== WHAT YOU NEED TO DO ==
Return the data below unaltered, but strip out the pictures.

#####

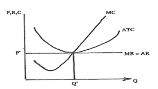 وهذا من شأنه ان يجعل منحنى التكلفة الحدية يتزايد بوتائر معتدلة، مما يؤدي الى تحقيق كميات معقولة من الانتاج عند الحجم التوازني. وهنا فان منحنى متوسط التكلفة الكلية (ATC) سوف يمر من خلال نقطة التقاطع MC مع MR ، مما يعني ان هذا المشروع قادر على تغطية التكاليف الكلية باكملها،فضلاً عن التكاليف المتغيرة. ويحقق الارباح الاعتيادية التي تتمثل بالفرق بين مستويات الكلفة الحدية و مستوى الايراد…
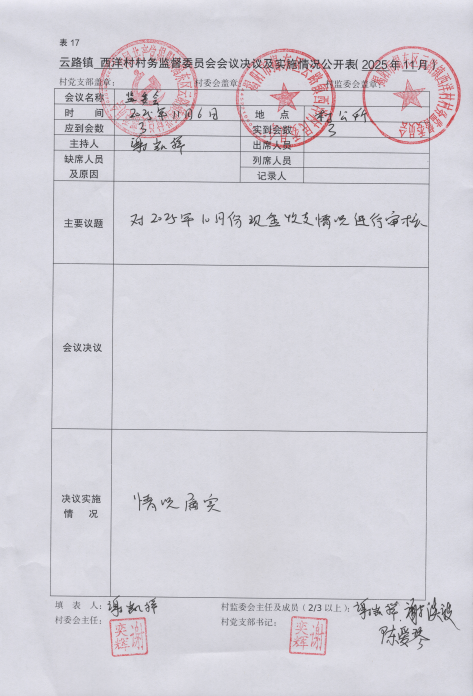 西洋村村务监督委员会会议决议及实施情况(2025年11月)
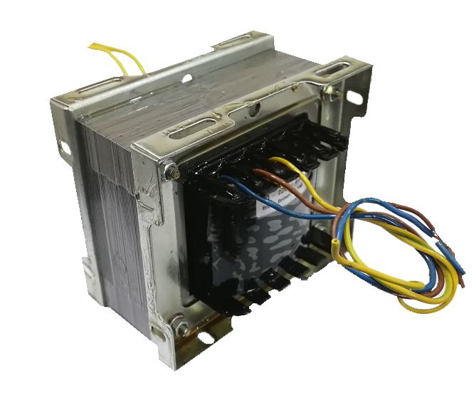 OPEN FRAME, WITH LOOSE WIRE LEADS, DOUBLE WOUND MAINS POWER TRANSFORMER. PRIMARY=0,220,SCREEN SECONDARY=0,15V, L=117mm W=92mm H=92mm, 72mm HOLE TO HOLE LENGTH
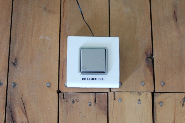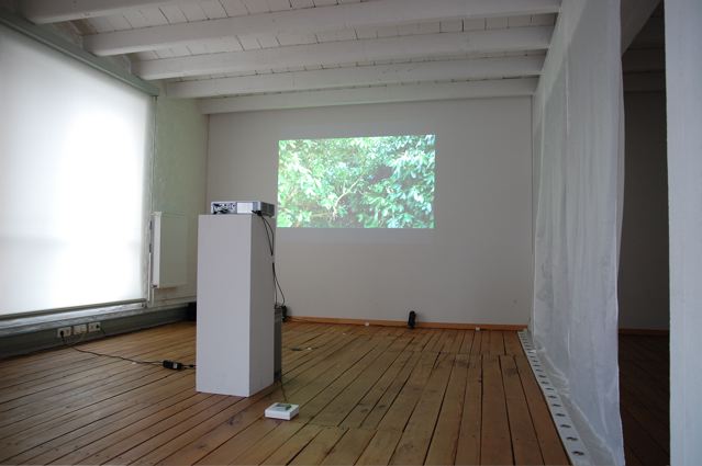 A one-shot video of a (seemingly) untouched, peaceful landscape is shown, nothing special happens. When the visitor of the installation enters the room and causes noise, this noise will be added to a pool, which absolute value is causing video interferences. The higher this value gets, the more the original video becomes a collage of noise, coloured planes, wildly moving in any direction, at a certain point not anymore distinguishable as the peaceful landscape it used to be. Additionally, the Reckoning of this state might cause an awkward viewing situation. The visitor now has the option to hit a button which is lying on the floor, with a note saying "do something". As soon as the visitor hits the button, the original setting will be restored to its original state, but with the exception that the saturation of the original setting is reduced, the video playback, including the audio, is slowed down. This circuit of interaction continues - until there remains nothing more than a black and white still picture - a memory of what once was. Patience then is the only way that the original state can be restored.
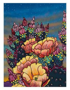 I am a US-based artist best known for creating large landscape paintings in a surrealistic style. My paintings depict American southwest landscapes with a touch of magical realism. Largely based on the seasonal blooms of the many cactus plants found in the Chihuahuan desert that stretches from northeastern Mexico to southwestern America, my work is an attempt to create a space for the viewer to catch a glimpse of nature’s eternity.
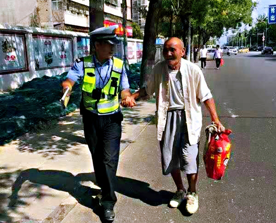 畢鵬發(fā)現(xiàn)這一情況后,立即上前攙扶老人,路過的車輛看到這一幕也紛紛停車讓行。在安全通過馬路后,老人告訴畢鵬,他找不到公交車站,無(wú)法回家。隨后,畢鵬手挽手將老人送到公交車站(如圖)。待老人安全坐上公交車后,畢鵬才回到工作崗位上。
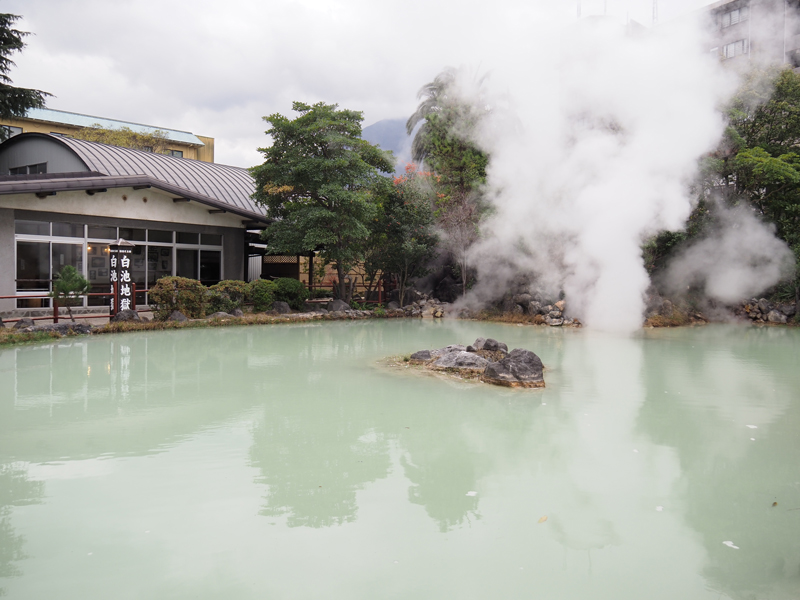 続いては、鉄輪温泉へ続くみゆき坂を少し下って「白池地獄」へ到着です。

#####

== SOLUTION FOR THIS PROBLEM ==
 وهذا من شأنه ان يجعل منحنى التكلفة الحدية يتزايد بوتائر معتدلة، مما يؤدي الى تحقيق كميات معقولة من الانتاج عند الحجم التوازني. وهنا فان منحنى متوسط التكلفة الكلية (ATC) سوف يمر من خلال نقطة التقاطع MC مع MR ، مما يعني ان هذا المشروع قادر على تغطية التكاليف الكلية باكملها،فضلاً عن التكاليف المتغيرة. ويحقق الارباح الاعتيادية التي تتمثل بالفرق بين مستويات الكلفة الحدية و مستوى الايراد…
 西洋村村务监督委员会会议决议及实施情况(2025年11月)
 OPEN FRAME, WITH LOOSE WIRE LEADS, DOUBLE WOUND MAINS POWER TRANSFORMER. PRIMARY=0,220,SCREEN SECONDARY=0,15V, L=117mm W=92mm H=92mm, 72mm HOLE TO HOLE LENGTH
 A one-shot video of a (seemingly) untouched, peaceful landscape is shown, nothing special happens. When the visitor of the installation enters the room and causes noise, this noise will be added to a pool, which absolute value is causing video interferences. The higher this value gets, the more the original video becomes a collage of noise, coloured planes, wildly moving in any direction, at a certain point not anymore distinguishable as the peaceful landscape it used to be. Additionally, the Reckoning of this state might cause an awkward viewing situation. The visitor now has the option to hit a button which is lying on the floor, with a note saying "do something". As soon as the visitor hits the button, the original setting will be restored to its original state, but with the exception that the saturation of the original setting is reduced, the video playback, including the audio, is slowed down. This circuit of interaction continues - until there remains nothing more than a black and white still picture - a memory of what once was. Patience then is the only way that the original state can be restored.
 I am a US-based artist best known for creating large landscape paintings in a surrealistic style. My paintings depict American southwest landscapes with a touch of magical realism. Largely based on the seasonal blooms of the many cactus plants found in the Chihuahuan desert that stretches from northeastern Mexico to southwestern America, my work is an attempt to create a space for the viewer to catch a glimpse of nature’s eternity.
 畢鵬發(fā)現(xiàn)這一情況后,立即上前攙扶老人,路過的車輛看到這一幕也紛紛停車讓行。在安全通過馬路后,老人告訴畢鵬,他找不到公交車站,無(wú)法回家。隨后,畢鵬手挽手將老人送到公交車站(如圖)。待老人安全坐上公交車后,畢鵬才回到工作崗位上。
 続いては、鉄輪温泉へ続くみゆき坂を少し下って「白池地獄」へ到着です。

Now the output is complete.